Then there was the business of the ‘rope abuse.’ One night I had imbibed the loopy juice a bit too much and was stuffing money in a machine as usual. I got up to go, saw a rope in my way so I stepped over it. Little did I know it was a roped off area, reserved for some minor celebrity. ‘Don’t engage in rope abuse sir’ said a large man. I was drunk, so the words ‘rope’ and ‘abuse’ seemed hilarious to me. But they were no laughing matter for the rent-a-side-of-beef bloke, as I ploughed on, over the opposite rope to elsewhere. I thought nothing of it until I could no longer get served at any bar. They studiously ignored me, I assume because I was already a drunken rope abuser.

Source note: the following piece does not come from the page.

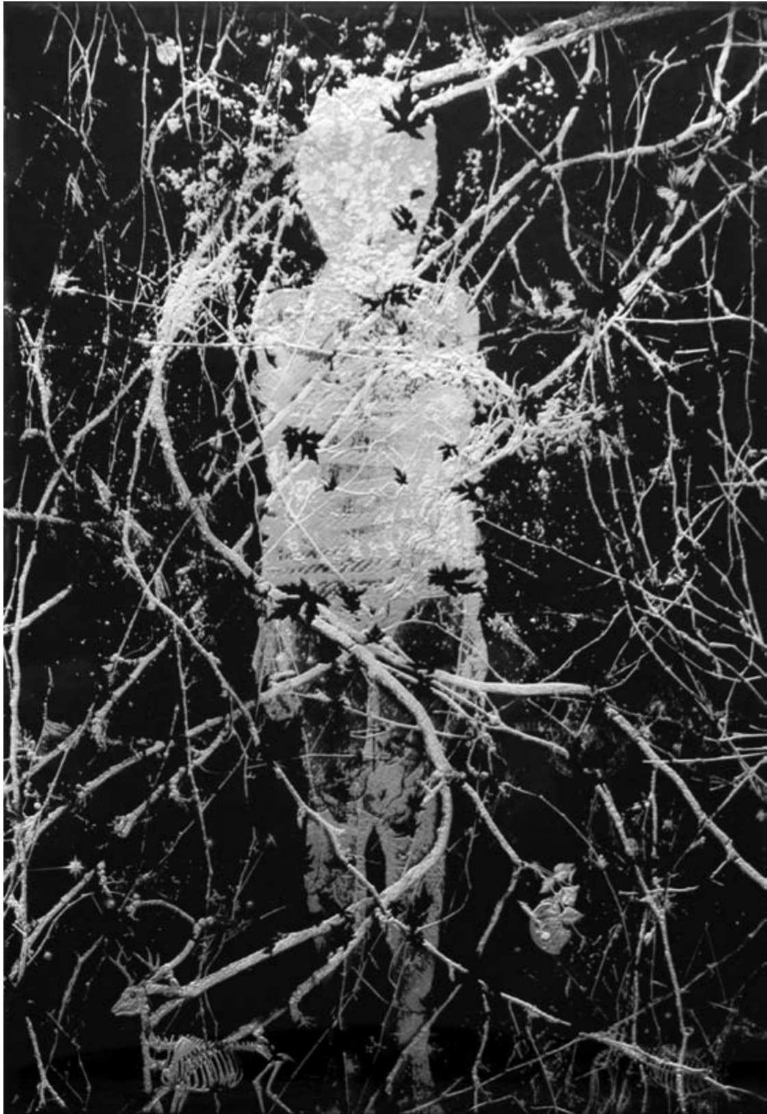
Bestrizal Besta Tanpa Batas #2 engrave on acrylic LED 135 x 90 cm, 2018

Then we were somewhere else on loungers on another sunny hot day. It was lovely and so where the cocktails we drank like pop until being asleep seemed a better option than going to a gig we had tickets for. Though I don’t want you to get the impression we were wasted every night. We perfected the art of being relatively toasted all day and evening. Staying the right side of compass mentis.
One night at about midnight, for some reason, we took it into our heads to walk downtown to the old bit of Vegas. To get there we had to walk through the edge of a dodgy area. No problem for us. We’re used to urban violence but what we’re not used to is running battles between the police (overweight, shirts that are skin tight) and young men who dressed like every gang cliche of the time which, to our amusement, meant wearing over-sized trousers back to front. Laughing at these people probably wasn’t a wise move and they both seemed to take our presence in their psycho drama as a threat. Fortunately my stock excuse - ‘don’t shoot, we’re English and we don’t know what we’re doing’ worked and seemed to please everyone. Try it, it gets you out of a lot of trouble.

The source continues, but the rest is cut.